Down down and away

Spectrum, Middle East Upstairs, August 28, 2007
By JIM SULLIVAN  |  October 2, 2007
kember1
Peter Kember

When the semi-legendary Spaceman 3 split, in 1991, Jason Pierce formed Spiritualized and took space rock to a powerful new level. Former partner Peter Kember (a/k/a Sonic Boom) went in another direction, indulging in the moodier and more experimental side of space rock; that included instrumental and mostly instrumental music under the rubrics of E.A.R. and Spectrum. (The 1996 Spectrum EP Songs for Owsley ranks as one of the saddest recordings of its decade.)

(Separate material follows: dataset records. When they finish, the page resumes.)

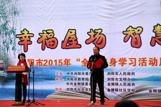 11月26日上午,浏阳市2015年全民终身学习活动周启动仪式在该市金刚镇金市社区何家大屋隆重举行,共300余人参加。开幕式由中共浏阳市委员会、浏阳市人民政府主办,浏阳市教育局、浏阳市文明办、中共金刚镇委员会、金刚镇人民政府承办,浏阳市社区学院、金刚镇社区学校、金市社区协办,由浏阳市人民政府副市长邓雪琴主持。
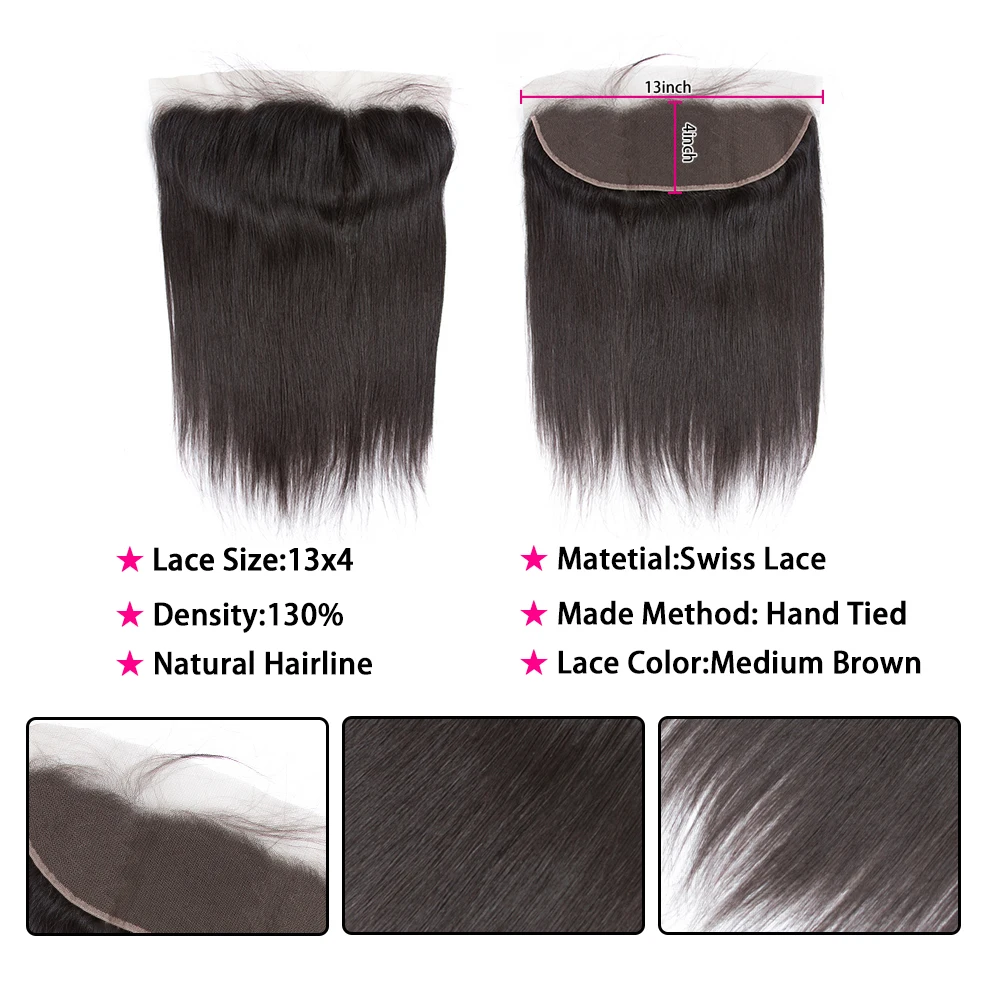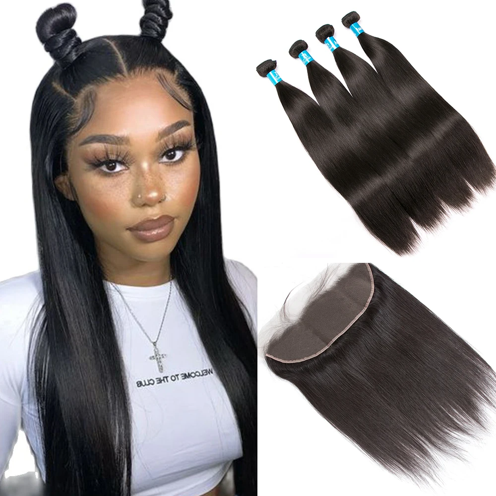 100% перуанские прямые пряди волос с фронтальной 13*4 Remy закрытие натуральный цвет пряди человеческих волос с закрытием
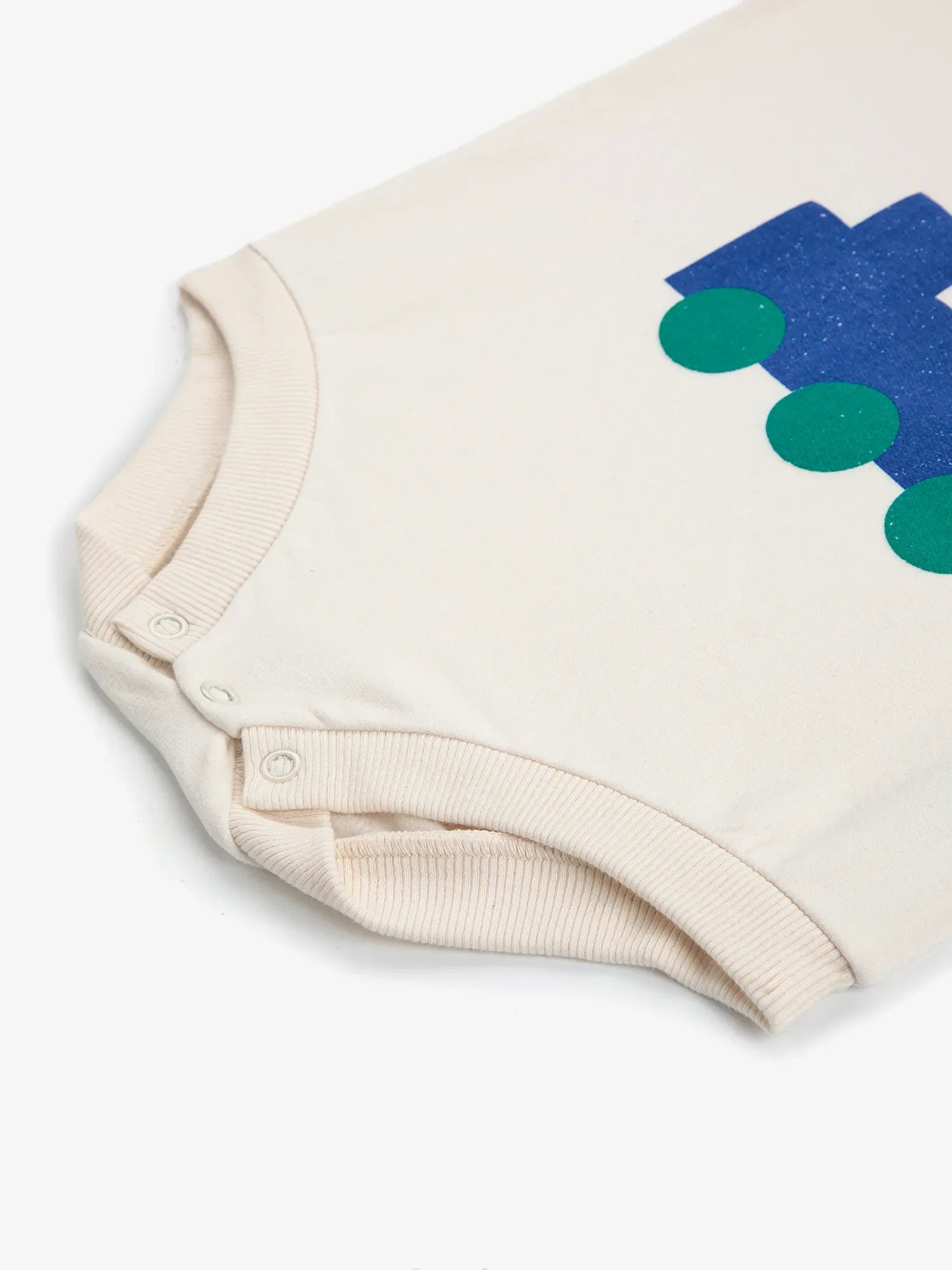 White body. Designed with shoulder snap fastening, crotch snap fastening, ribbed cuffs, loose fit, ribbed bottom, round neck and fleece. Made in Spain.

Kember was in town a week ago Tuesday as half of Spectrum — he and Fandall Nieman of Fuxa played upstairs at the Middle East with no new release to promote. (There’s an EP planned for late this year, and a full-length for next year.) Standing behind synths, they began the hour-long set with a new song, “Mary,” which started with a thumping beat and built on a repetitive droning chord, a page taken from Suicide, one of Kember’s favorite bands. They went on to play Laurie Anderson’s “Walking & Falling” and Kraftwerk’s “The Hall of Mirrors,” the latter a trenchant take on narcissism and how fame distorts and destroys. Nieman switched to guitar for “Let Me Down Gently,” a minimalist number in the vein of the Velvet Underground.

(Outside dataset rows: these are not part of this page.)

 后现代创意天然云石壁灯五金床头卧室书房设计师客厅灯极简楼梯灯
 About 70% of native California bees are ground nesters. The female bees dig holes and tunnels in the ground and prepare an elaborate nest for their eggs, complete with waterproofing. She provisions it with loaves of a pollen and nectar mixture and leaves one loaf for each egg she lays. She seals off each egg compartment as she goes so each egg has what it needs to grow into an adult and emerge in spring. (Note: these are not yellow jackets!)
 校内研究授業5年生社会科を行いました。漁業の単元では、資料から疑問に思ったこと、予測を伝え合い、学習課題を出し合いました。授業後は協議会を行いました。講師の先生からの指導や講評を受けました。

There was no point in waiting for an uplifting anthem — that’s just not Spectrum’s way. They evoked a sense of quiet despair and seductive sadness, an enveloping blanket of synthesized sound with muted climaxes — when there were any at all. But there was a nice spot of humor in the encore of “Girl,” with Kember in his best ironic robotic monotone singing “You turn me on” over and over. Perhaps androids dream of more than just electric sheep.